On the night that her husband receives his award, high school principal Herman Ohme (David Doyle) inquires if Pat would be available during the summer months to fill in for another secretary during her leave of absences, but Bob decides for Pat that the last thing she needs is to take on a job outside their home. Feeling her personal development, indeed even her own personal identity, has come to a screeching halt through marriage and parenthood, Pat wants more for herself and informs her husband she's seriously considering taking on the summer job. However, "macho man" Bob feels that all Pat needs are a few lessons in making their household management better to rejuvenate her enthusiasm for her daily tasks. If she'd only keep to a very tight schedule, which means her time of chores, she'd even be able to create some time for herself without the stress, perhaps for a game of tennis. Bob's slightly condescending and non-understanding attitude only to fuel the spark inside Pat to take on a new challenge now outside their home. When Bob is informed that his summer job of driving lessons is cancelled, Pat stands up for herself, and takes on the secretarial job at the school.
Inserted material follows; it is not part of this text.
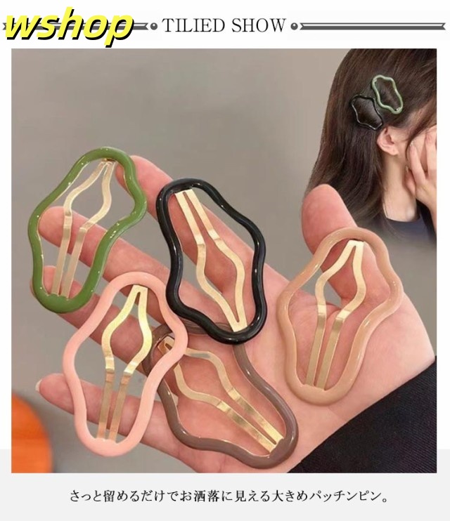 | 【15個セット!】【大きめ】【5color】 さっと留めるだけでお洒落に見える大きめパッチンピン。 落ち着いたカラー&ニュアンスフレームで大人っぽい雰囲気に。 遊び心をプラスしたニュアンス変形フォルムがシンプルだけどモダンな雰囲気に。 存在感抜群の大きめサイズで、ヘアスタイルのアクセントにもぴったりです◎ さっと留めたり、お団子やポニーアレンジに添えたりと色々なヘアに活躍しそう◎ デイリー服にも馴染みやすく、コーデに迷わずおしゃれを楽しんでいただけます。 | |
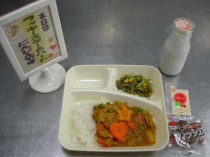 写真はこの期間に向け、本日の献立(ポークカレーライス)を「ラッキースター&ハートにんじん」として実施した給食時の様子です。

Since child care costs are too high, Bob then decides to prove to her and makes a bet, that it's an easy job with plenty of time for yourself when you stick to a schedule, takes on the challenge to care for the house and his children, while Pat has her summer job.

Bob takes on his completely "Mister Mom" role or household diva, Bob sets out for the task at hand with vigor, and enthusiasm, as well as a substantial dose of male chauvinism, as he sees it all as the perfect opportunity to prove to his wife just how the household should be run.  He keeps ahead of everything for a few days but eventually finds himself tiring easily and finding the hours of the day vanishing before he achieves half of his household and family care duties. Bob suddenly finds himself polishing tables doing dishes, wiping counters, doing the grocery shopping, and making beds while discovering that her job is not as easy as he thought, now playing nurse to his children. Bob prepares the daily lunch of hamburgers for the kids, of which they soon tire. He even goes to the trouble of preparing breakfast for the family ahead of time at 5:30 a.m., now doing the grocery shopping. Pat, in the meantime, is loving her job and beginning to socialize with her office friends after work, missing a nicely prepared candlelight dinner that Bob has set up. Tired, he does the dishes, and goes to bed. Bob not having any adult contact, now is going jogging with his friend on the beach. On the way he gets a traffic ticket. He takes the kids and Pat to the beach. He puts on the calendar between the days of July and August. The next morning, youngest son Christopher becomes a total brat at the kitchen table resulting in Bob pouring milk all over his head, and making him cry. The washing machine breaks down, and he hovers over the repairman, offering him lunch and trying to make conversation. Bob then apologizes to Christopher for losing his temper, and finds himself sitting the couch drinking a beer.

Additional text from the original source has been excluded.